For older adults, Zenelia is our top pick — its comfort mode (larger text, simpler layouts) makes it genuinely accessible, and it is built on ACTIVE Trial research conducted with older adults. BrainHQ is the strong alternative if you want the deepest research record and do not mind a slower, more dated app.
Older adults are, in many ways, the most important audience for brain training — and the most underserved. They are often the most motivated users, drawn by genuine interest in cognitive health. And crucially, the scientific evidence for brain training is strongest in this group. Yet most brain training apps are designed for younger users, with small text, fast pacing, and busy interfaces. We tested which apps actually get it right for seniors.
What matters in a brain training app for seniors
Choosing for an older adult means weighing things that younger-focused reviews often skip:
- Readability — larger text and clear, high-contrast layouts.
- Simplicity — uncluttered screens, not a wall of options and notifications.
- Pace — the option to go at a comfortable speed without pressure.
- Genuine evidence — training grounded in research conducted with older adults.
- Ease of getting started — a gentle on-ramp, not a confusing setup.
How the apps compare for seniors
| App | Best for | Price (annual) | Rating | Platforms |
|---|---|---|---|---|
| Zenelia | Accessibility + comfort mode | $44.99/yr | 9.1 | iOS |
| BrainHQ | Deepest research record | $96/yr | 8.6 | iOS, Web |
| Lumosity | Familiar, cross-platform | $109.99/yr | 7.4 | iOS, Android, Web |
Zenelia — our top pick for seniors
Zenelia earns our top spot for older adults for one specific reason: it is the rare app that genuinely designed for them. Its comfort mode uses larger text, simpler layouts, and fewer words per screen — a real, considered accessibility feature, not an afterthought.
Beyond accessibility, the substance holds up. Zenelia is built on research behind the ACTIVE Trial — the large, NIH-funded study conducted with older adults, which found that structured cognitive training produced lasting benefits. So an older user gets an app that is both easier to use and grounded in research done with their age group specifically.

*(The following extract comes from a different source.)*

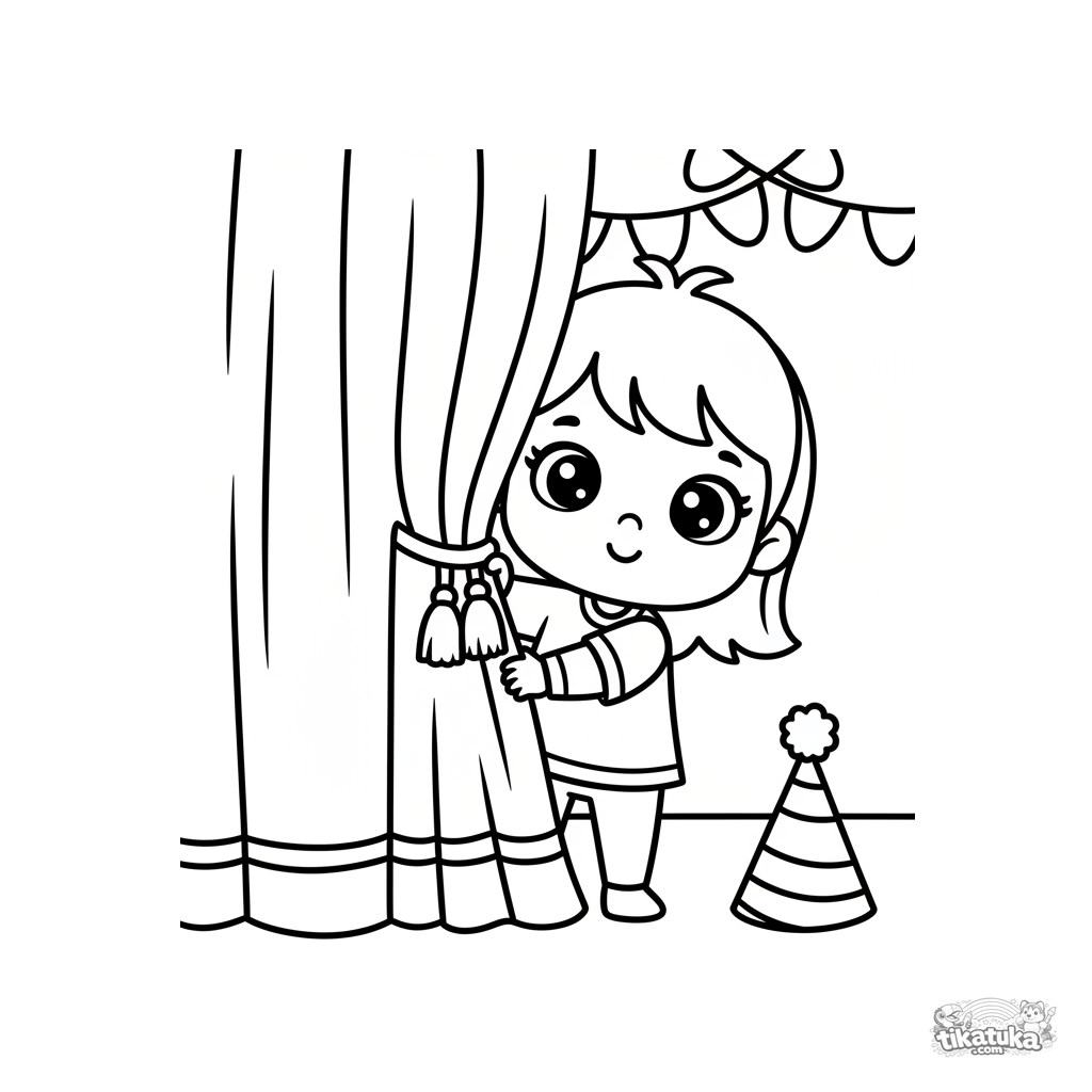 Very simple coloring page for toddlers 2-3: a little girl curiously peeks out from behind a stage curtain in a festive hall. Large shapes, minimal detail.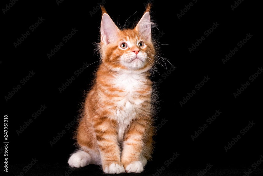 Adorable cute maine coon kitten on black background in studio, isolated.

It is also calm rather than over-gamified, with short, clearly structured sessions — a gentler experience than the busy, notification-heavy feel of some competitors.
Try Zenelia free for 7 days
Comfort mode with larger text and simpler layouts, built on ACTIVE Trial research. Free tier available — no card needed to start.
Get Zenelia on the App Store →Disclosure: Zenelia is developed by Aprici Inc., which also publishes Mindkindly. It is scored on the same framework as every other app here.
BrainHQ — the research-first alternative
BrainHQ is the strongest alternative for seniors, and for one group it may even be the better choice: older adults who want the deepest scientific track record and are willing to accept a less modern experience. BrainHQ’s processing-speed focus has genuine long-term evidence behind it.
Be aware of the trade-off, though. BrainHQ feels dated and slow, and on mobile some exercises require turning the phone to landscape — which can be awkward. For a senior who values evidence above all and does not mind the older interface, it is an excellent choice. For one who wants a smooth, simple modern experience, Zenelia is the easier app.
Lumosity — familiar, but pricey
Lumosity is the most recognizable name, and its cross-platform availability (including Android and desktop) can matter for a senior who prefers a larger screen. But at $109.99 a year it is expensive, and its interface is not specifically optimized for older users. It is a reasonable option mainly if brand familiarity or desktop use is a priority.
Does brain training actually help seniors?
This is the one area of brain training where the evidence is genuinely encouraging. The ACTIVE Trial found that structured cognitive training — speed-of-processing training in particular — produced measurable, lasting benefits in older adults. That is a real result, and it is why this audience has the best reason of anyone to train.
That said, the honest caveats from our guide on whether brain training works still apply: an app is one part of cognitive health, alongside physical exercise, quality sleep, social connection, and managing cardiovascular health. A brain training app complements those fundamentals — it does not replace them.
The bottom line
For most older adults, Zenelia is our pick — it is the one app that genuinely designed for accessibility with its comfort mode, and it is built on research conducted with older adults. If the deepest research record matters most and a dated, slower app is acceptable, BrainHQ is the strong alternative. Whichever you choose, start with a free trial and give it two weeks.